Recently I have been getting an error on boot up regarding this program. Since that has started, I have not been able to update/check my Linksys EasyLink Advisor in any capacity. It is acting as if the router was removed. But I obviously still have internet access.

I also read another post about Network Magic (or Magic Network, I don't recall the name). I checked my registry and can't locate the program and am pretty sure that I do not have it at all.

Any advice would be greatly appreciated.


----------



## JohnWill (Oct 19, 2002)

Well, it sounds like Network Magic was installed at one time, perhaps as part of another package. See if the following solution helps.

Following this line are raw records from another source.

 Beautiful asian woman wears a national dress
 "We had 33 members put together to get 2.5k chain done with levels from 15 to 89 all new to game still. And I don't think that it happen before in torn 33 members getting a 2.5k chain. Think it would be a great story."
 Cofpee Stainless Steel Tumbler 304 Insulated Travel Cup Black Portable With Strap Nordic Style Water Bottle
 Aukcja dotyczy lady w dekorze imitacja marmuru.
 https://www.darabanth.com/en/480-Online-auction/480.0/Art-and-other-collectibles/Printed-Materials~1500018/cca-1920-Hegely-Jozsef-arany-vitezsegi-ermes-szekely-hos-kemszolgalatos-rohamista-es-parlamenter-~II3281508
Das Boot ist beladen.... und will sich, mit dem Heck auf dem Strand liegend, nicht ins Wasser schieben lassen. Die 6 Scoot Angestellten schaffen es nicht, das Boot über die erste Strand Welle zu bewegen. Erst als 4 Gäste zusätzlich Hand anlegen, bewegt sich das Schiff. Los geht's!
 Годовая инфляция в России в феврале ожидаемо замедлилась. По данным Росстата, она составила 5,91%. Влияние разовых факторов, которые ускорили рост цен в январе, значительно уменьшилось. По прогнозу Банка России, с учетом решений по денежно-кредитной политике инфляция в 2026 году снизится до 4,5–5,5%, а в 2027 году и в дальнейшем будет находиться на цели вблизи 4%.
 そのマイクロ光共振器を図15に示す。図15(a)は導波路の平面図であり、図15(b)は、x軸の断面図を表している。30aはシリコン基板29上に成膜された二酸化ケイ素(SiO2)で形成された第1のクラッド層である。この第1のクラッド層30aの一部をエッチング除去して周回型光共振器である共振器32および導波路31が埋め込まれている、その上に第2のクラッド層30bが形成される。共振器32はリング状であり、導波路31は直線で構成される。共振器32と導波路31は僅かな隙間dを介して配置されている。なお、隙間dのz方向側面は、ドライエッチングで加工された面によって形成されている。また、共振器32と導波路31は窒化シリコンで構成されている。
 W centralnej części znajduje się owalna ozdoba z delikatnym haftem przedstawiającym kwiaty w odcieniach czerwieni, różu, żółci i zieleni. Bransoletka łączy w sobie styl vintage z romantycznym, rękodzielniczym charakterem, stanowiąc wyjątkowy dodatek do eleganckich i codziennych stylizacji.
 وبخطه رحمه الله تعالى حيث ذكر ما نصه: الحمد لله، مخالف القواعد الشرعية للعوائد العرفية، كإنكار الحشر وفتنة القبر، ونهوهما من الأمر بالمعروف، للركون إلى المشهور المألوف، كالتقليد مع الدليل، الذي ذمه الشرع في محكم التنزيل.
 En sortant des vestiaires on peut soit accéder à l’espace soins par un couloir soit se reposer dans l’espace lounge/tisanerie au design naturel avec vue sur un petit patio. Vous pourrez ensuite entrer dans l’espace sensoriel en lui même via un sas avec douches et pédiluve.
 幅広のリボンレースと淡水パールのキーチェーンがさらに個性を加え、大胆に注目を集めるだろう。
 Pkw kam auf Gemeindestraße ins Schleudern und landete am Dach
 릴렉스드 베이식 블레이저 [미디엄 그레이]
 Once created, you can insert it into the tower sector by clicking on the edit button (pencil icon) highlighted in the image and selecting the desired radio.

[WEBQUOTE="http://www.purenetworks.com/support/faq/195.html"]Step 1: Go to Microsoft's website here: http://support.microsoft.com/kb/290301


Please run the file by clicking on the link about halfway down the page- "Download the Windows Installer Cleanup Utility package now"
Please run this file and install the Windows installer clean up.
Then you will need to open this application by going to Start->All Programs->Windows Install Clean Up
Select the anything that lists Pure Networks, and/or Network Magic, and/or Speed Meter Pro and click 'Remove'
Reboot computer
[/WEBQUOTE]


----------



## w0rkh0rse (Feb 20, 2009)

I am trying the fix now, will let you know what happens.


----------